Statistically, Liverpool dominated. 21 shots to Chelsea’s 6. Possession? 56 bloody percent. xG? 0.57 to their 2.03 – I don’t even want to know how that’s calculated anymore, probably by a hedge fund manager with a dartboard. The point is: we had the chances, they had the fluke.
The only proper Red showing any bollocks was J. Stanisławski at the back, pulling a 7.0 performance out of the fire while the rest of them looked like they’d rather be at Salt Bae’s gaff than chasing another trip to Wembley. Vallejos tried to make things happen, but he was feeding on scraps. Dougie Agnew got booked, again – lad’s got more cards than a dodgy bookmaker in Birkenhead.
And the scran? Don’t get me started. Wembley’s culinary crimes were on full display – some sort of artisan vegan sausage roll that tasted like wet newspaper and regret. Not a bottle of salad cream in sight. What sort of hellscape is this country becoming?

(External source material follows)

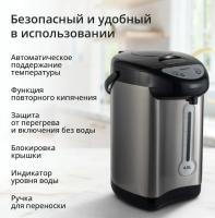 Элегантный черно-серебристый дизайн термопота гармонично впишется в любой интерьер, придавая ему современный и стильный вид. Устройство работает тихо и эффективно, что делает его идеальным выбором для повседневного использования. С этим термопотом вы всегда будете уверены, что горячая вода будет под рукой в нужный момент, будь то утренний кофе, чай в обеденный перерыв или приготовление пищи.
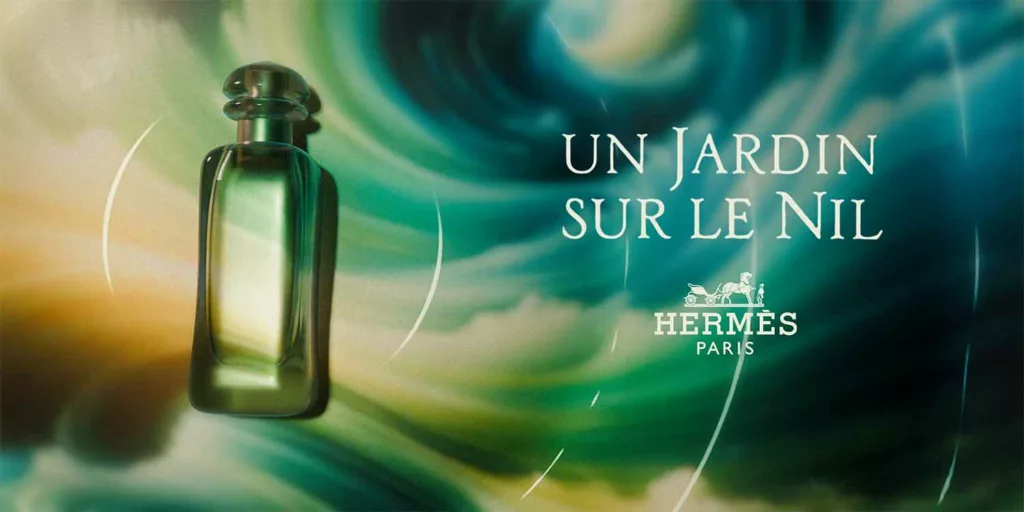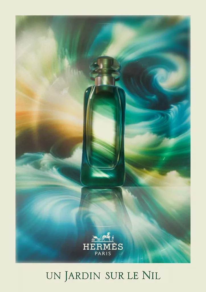Une image abstraite représentant l’essence du parfum est générée par intelligence artificielle avant d’être projetée sur le flacon modélisé en 3D. Le rendu obtenu est ajusté et transformé en affiche à l’aide d’un logiciel de retouche d’image

So that’s it. Out of the cup. Another year, another semi-final heartbreak. Meanwhile Chelsea, the smug bastards, are off to the final, still dreaming of adding yet another FA Cup to their hoarded collection. That’s six in the last eight years. Greedy cunts.
As for Liverpool? Back to the league. Back to the grind. And back to hoping someone, anyone, finally puts a rocket up these players’ arses. Because nights like this? They’re not good enough. Not for this club. Not for this city.